No member of the current DUP leadership has criticised Brexit publicly, but Peter Robinson, former DUP leader and First Minister, stirred up a furious internal debate by daring to suggest that Unionists must at least prepare for a border referendum on a united Ireland. He was denounced by Wilson for “inviting arsonists in to burn your house”.

The economy in the province is teetering on the brink of recession, with three quarters of negative growth out of the last four. The lack of a Stormont government is the prime reason, with many public spending plans on hold. But Brexit uncertainty compounds that by delaying business investment plans. Moreover, no one expects the DUP and Sinn Fein to be able to resolve their differences before Brexit is resolved one way or the other.

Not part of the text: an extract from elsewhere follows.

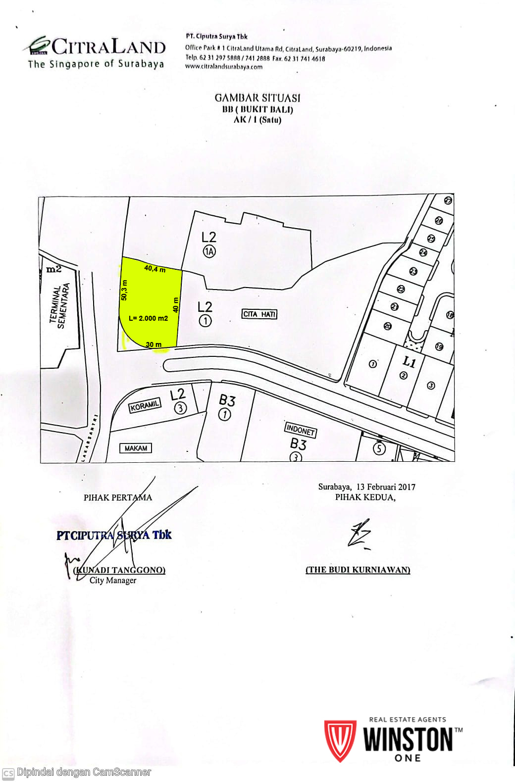 Info Tambahanlahan kosong 2000m2(P40mXL50m) di Bukit Bali Citraland komersial Area. Sebelah sekolah Internasional CITAHATI. Hok menghadap JLLB. Outer West Ring Road. Dekat club house Citraland.

That means finding a solution that will keep an open and invisible Irish border, the biggest remaining obstacle to a Brexit deal. The easiest solution – proposed by Brussels – would be “regulatory alignment” between Northern Ireland and the Republic, with both sticking to EU rules. That is anathema to the DUP, because it would mean different rules for the province and the rest of the UK after Brexit. But May’s alternative Chequers proposal of UK-wide regulatory alignment for goods (not services), and the “facilitated customs arrangement” for the UK to collect tariffs for the EU, is rejected by both Brexiters and Brussels.

Something like the Chequers sort of fudged “soft Brexit” might well suit the more pragmatic wing of the DUP in Belfast, as long as it means no border in the Irish Sea. If there is no deal, or any form of Brexit requiring some sort of inner-Irish border, recent polls suggest it would increase support for Irish unification from moderate nationalists, centrists – and even some pro-Remain voters in the unionist camp.

For the first time in many decades, Irish unification is being talked about seriously. That is the most fearful unintended consequence of Brexit for the DUP. For them, saving the UK matters much more than Brexit.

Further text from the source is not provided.